I went ahead and created https://github.com/python/mypy/issues/16306

sizmailov commented 8 months ago

type, exception, memoryview and bytearray also miss the handle_type_name.

Not sure about dtype, module_, generic_type and exception, since they are not in pytypes.h.

The rest seems to be properly handled.

grep -Poh 'class \w+ : public object ' include/pybind11/*.h ``` class dtype : public object class module_ : public object class generic_type : public object class exception : public object class iterator : public object class type : public object class iterable : public object class str : public object class bytes : public object class bytearray : public object class none : public object class ellipsis : public object class bool_ : public object class int_ : public object class float_ : public object class weakref : public object class slice : public object class capsule : public object class tuple : public object class dict : public object class sequence : public object class list : public object class anyset : public object class function : public object class staticmethod : public object class buffer : public object class memoryview : public object ```
rwgk commented 8 months ago

type, ~exception,~ memoryview and bytearray also miss the handle_type_name.

Done: 3c209443552e0be509592f2bab6f6221353e2e5d

Not sure about dtype,

Done: 6a3a954a6b85d2f5dd770f7ab08d12bf1052a1b5

module_,

Done: 74817b7f9f384cd5fd15d5765d3c6594adac2e0a

since they are not in pytypes.h.

There is already a precedent for that, the existing handle_type_name<> specializations in numpy.h:

generic_type and

That's what the % placeholder was originally invented for (I guess), and is handled in the code I pointed out before:

exception,

My current conclusion for this: 169b0e57ebda14c47f159823ea57c1971f713121

That class is a real oddball. The first thing that stands out, the type template parameter is not used. It's not really a type at all, but more of a factory for producing types derived from Exception. There is no constructor that takes a py::handle and checks if the object is actually derived from Exception. Therefore it cannot be an argument of a wrapped function:

m.def("pass_exception_void", [](const py::exception<void>&) {}); // Does not compile.  
pytypes.h:459:36: error: could not convert ‘{h, pybind11::object::borrowed_t()}’ from ‘<brace-enclosed initializer list>’ to ‘pybind11::exception<void>’
  459 |     return {h, object::borrowed_t{}};

It can only appear as a return type, but without subversive steps only to return a newly created type, which fails at runtime. See added test.

I believe it's good that Annotated[...] appears in the error. I wouldn't want to suggest this is the right way to go, by working to produce something different.

rwgk commented 8 months ago

@sizmailov Unless you have more suggestions, I'll stop working on this now, waiting for feedback from the stubgen side.

I think this PR only makes sense if there are cooperating changes in stubgen.

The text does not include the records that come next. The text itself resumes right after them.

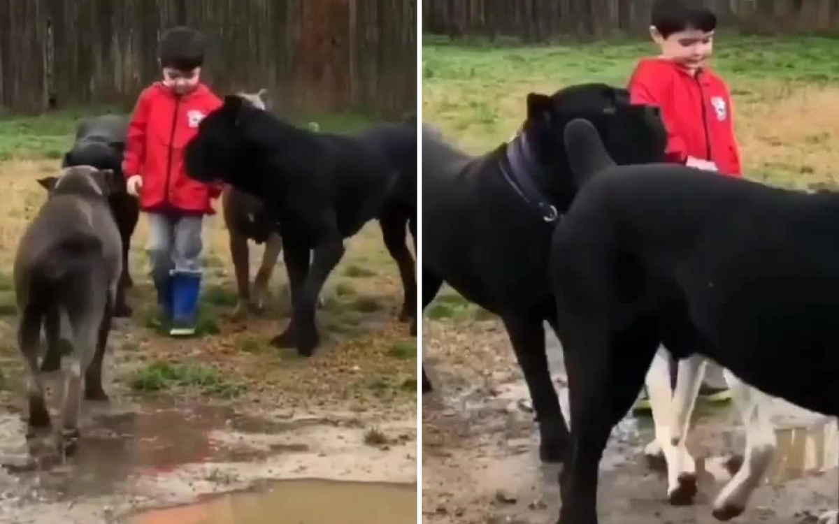 Некоторые породы собак у многих людей вызывают беспокойство одним только своим видом. Даже если пёсили ведут себя очень мирно и ласково, они все равно пугают. К таким «грозным» породам относятся и кане-корсо, очень крупные и мускулистые собаки, с которыми спокойно разгуливает маленький мальчик из этого видео. Псы явно настроены дружелюбно, хотя их внешность и производит обратное впечатление.
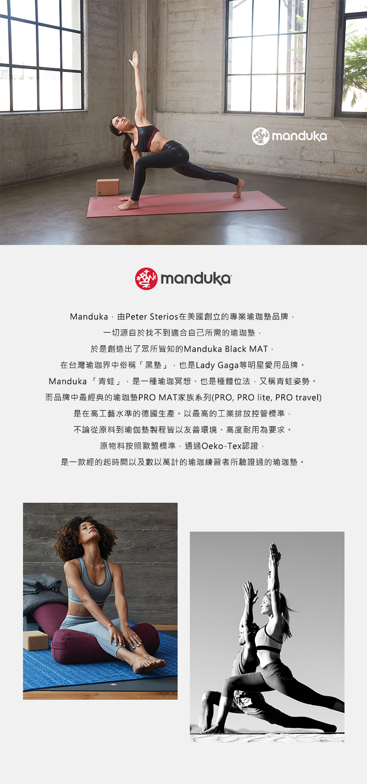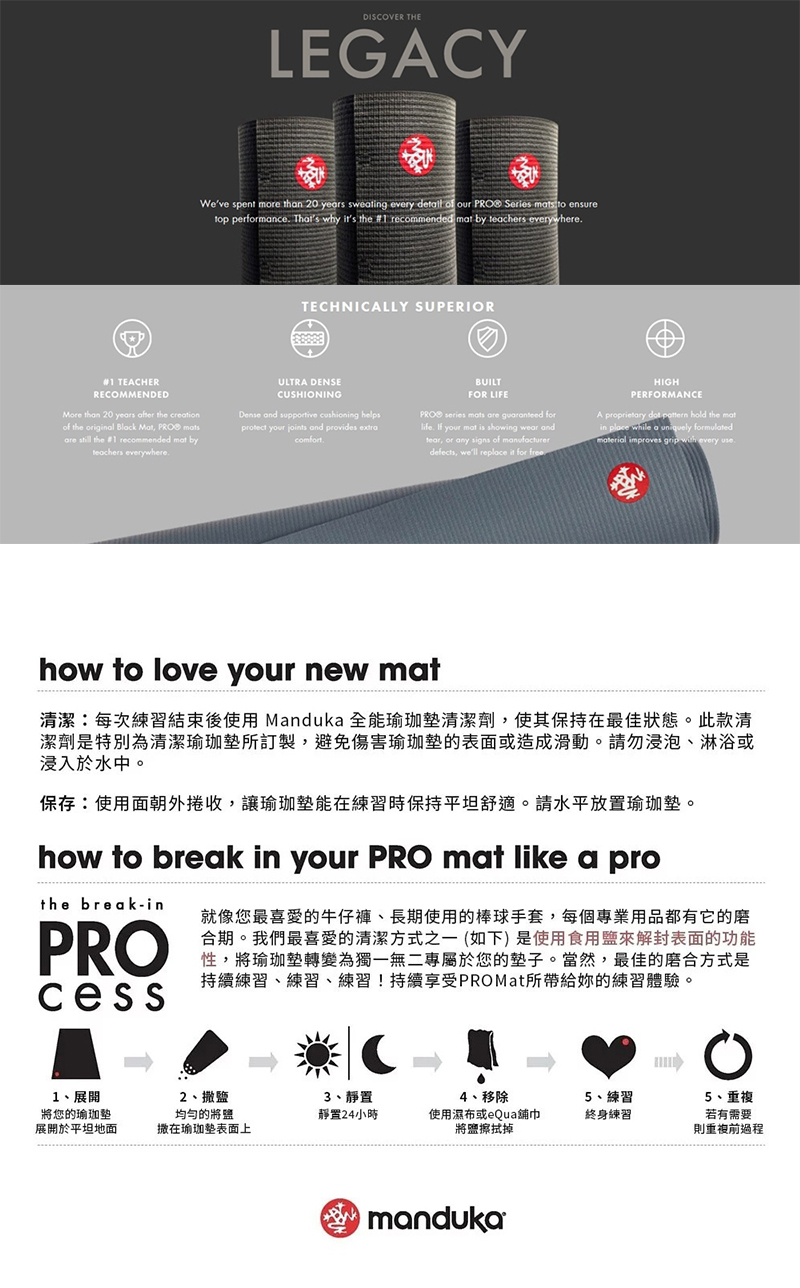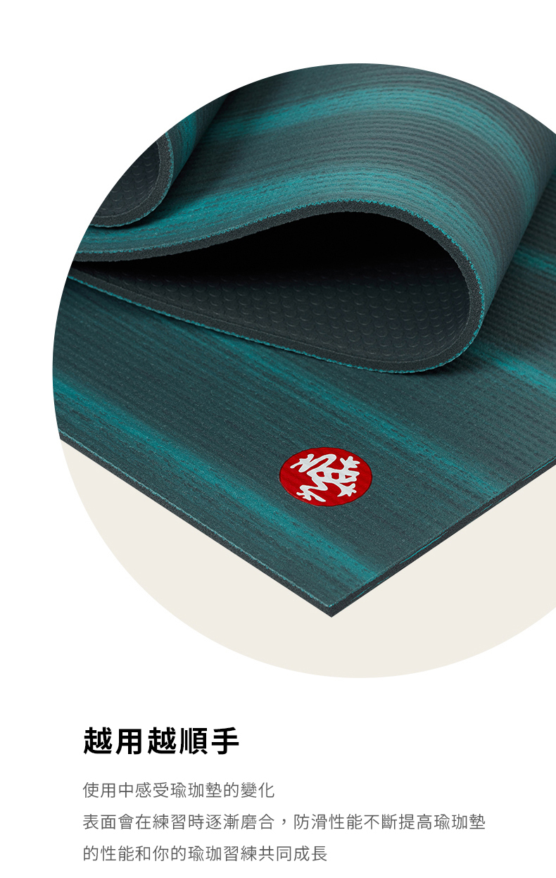 - Manduka PRO系列瑜珈墊是為了終身使用而設計,可降低整體PVC墊使用量。
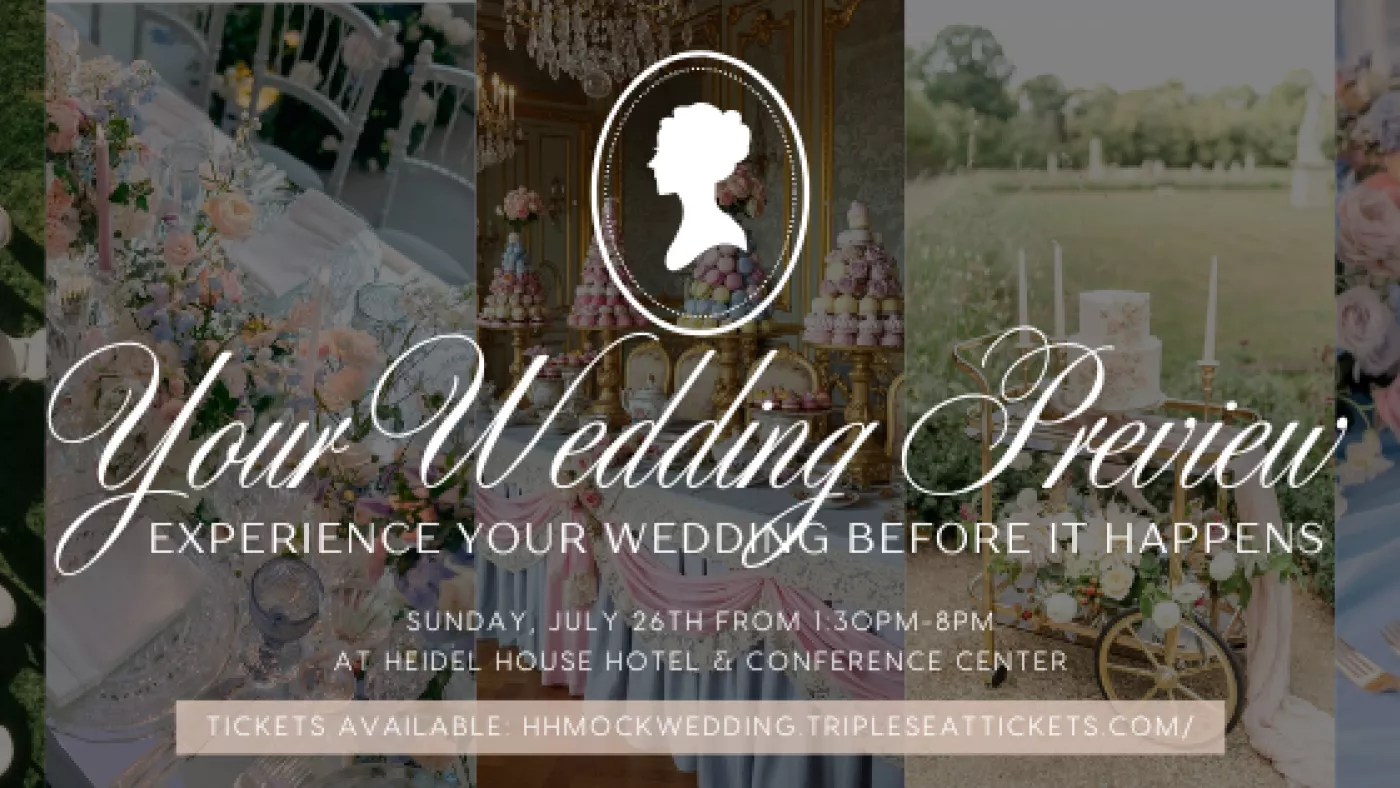 You are cordially invited to Your Wedding Preview—a most splendid Bridgerton-inspired affair hosted at Heidel House Hotel & Conference Center, where romance, elegance, and wedding-day wonder shall take center stage
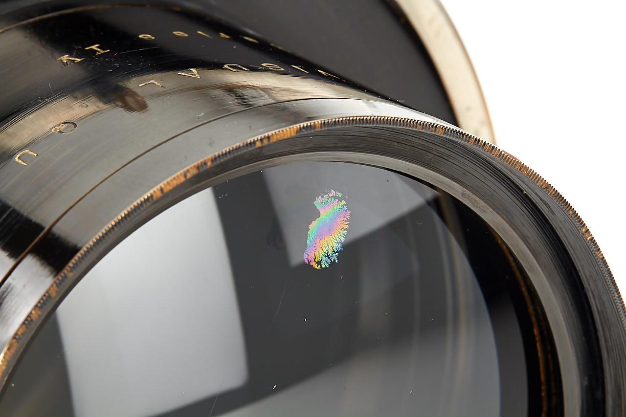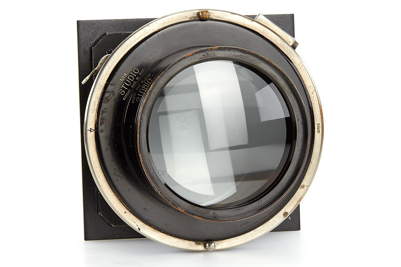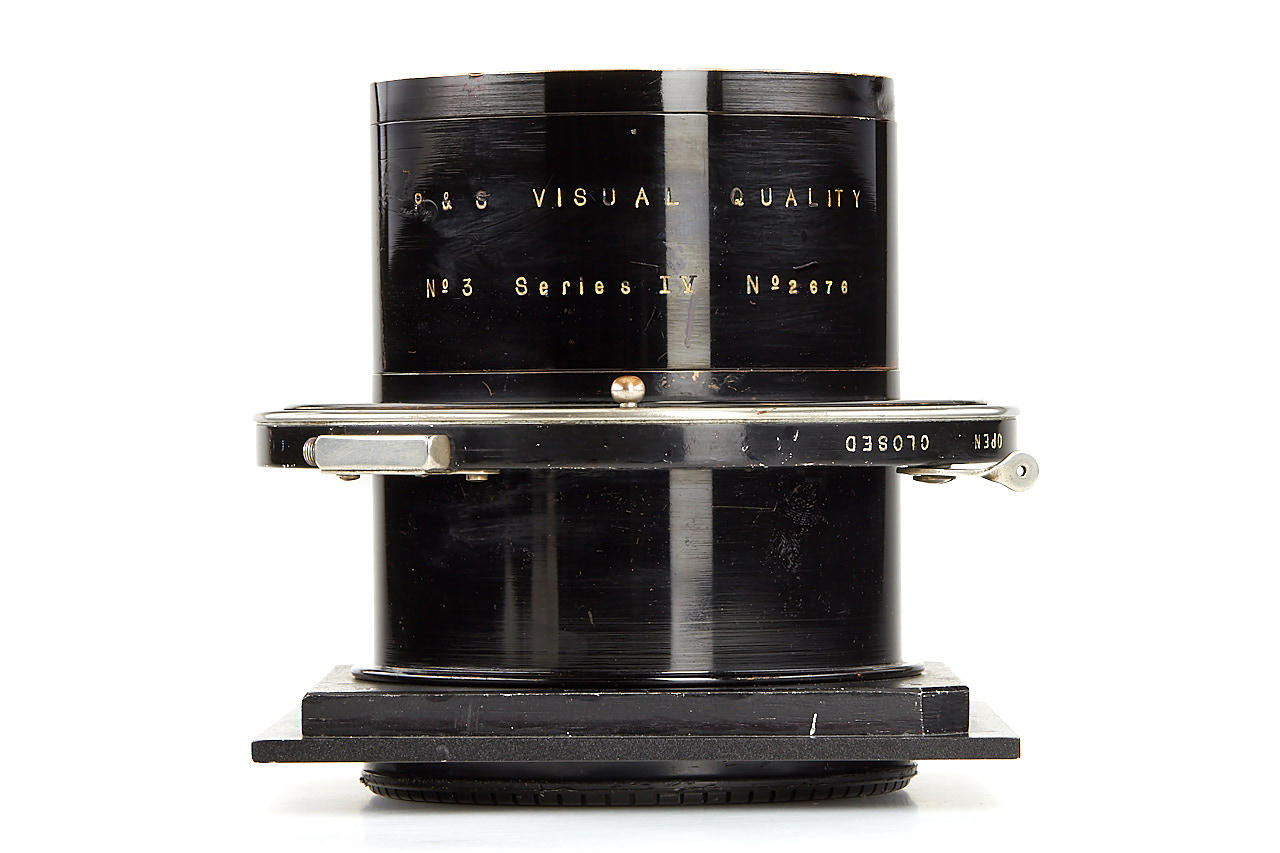 sought-after Pinkham & Smith soft focus lens for 8x10", 14" focal length (c.350mm), 130mm height, front and rear lens diameter 85mm, in excellent condition, very good optics (small separation in front element not affecting the photos), in working Wollensak Studio No.4 shutter/iris combination
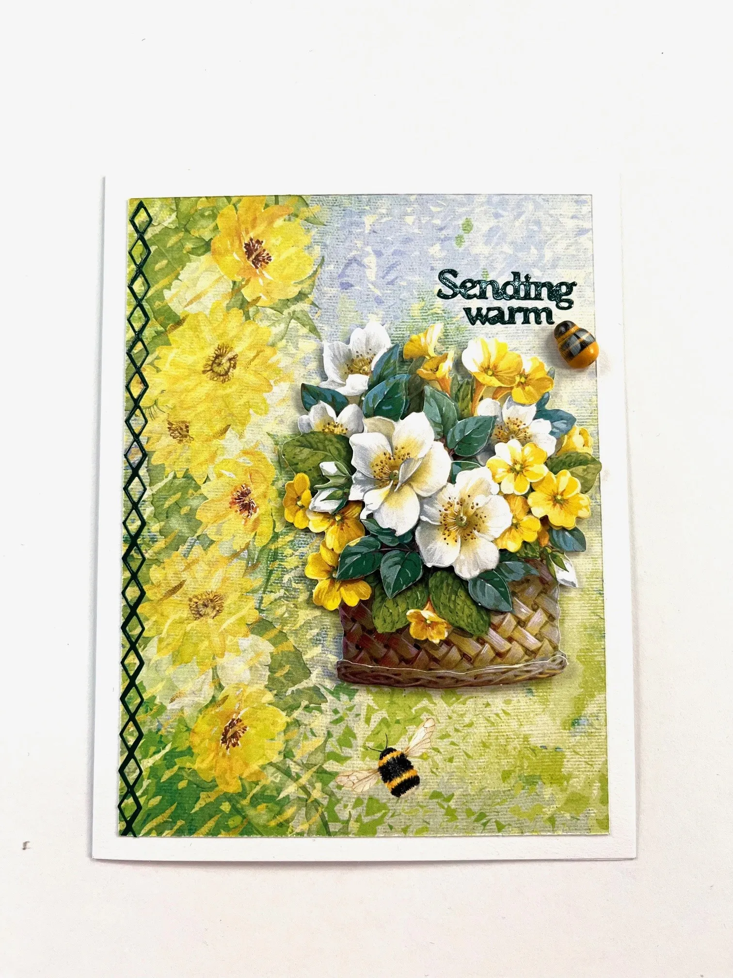 1. Cut 4”x6” green Bee Happy 12x12 Patterned Cardstock and glue to a card front. Foam tape C1 image on the right of the border. Foam tape C2 and C3 images over the matching art.

rwgk commented 6 months ago

@sizmailov I'm interested in your opinion regarding d14d91e02afba4046c9a899ad47a20220ac1f1a5, could you please take a look?

The main idea is to remove the handle_type_name default implementation, to enforce that all types are explicitly specialized, to guard against oversights.

That generates the question: What do we actually want in the added specializations? — I'm not sure, any advice is appreciated.

rwgk commented 6 months ago

Logging the results of a simple experiment: Google global testing with the current version of this PR:

(Internal test ID: OCL:593010609:BASE:593028799:1703228284011:fdcd5c9a)

22 build failures (22 unique)

$ grep 'cast.h:1208:32' * | cut -d"'" -f2 | sort | uniq -c
      6 pybind11::detail::handle_type_name<jax::(anonymous namespace)::PjitFunction::pyobject>
      6 pybind11::detail::handle_type_name<jax::PmapFunction::pyobject>
      6 pybind11::detail::handle_type_name<pybind11::enum_<xla::OpSharding_ShardGroupType>>
      6 pybind11::detail::handle_type_name<pybind11::enum_<xla::OpSharding_Type>>
     45 pybind11::detail::handle_type_name<xla::PyArray>

It would probably take a few hours of effort to get those fixed (by adding handle_type_name specializations).

It might be too disruptive to release pybind11 without the handle_type_name default implementation, at least without a transition plan (e.g. first a release with opt-in, later a release changing to opt-out).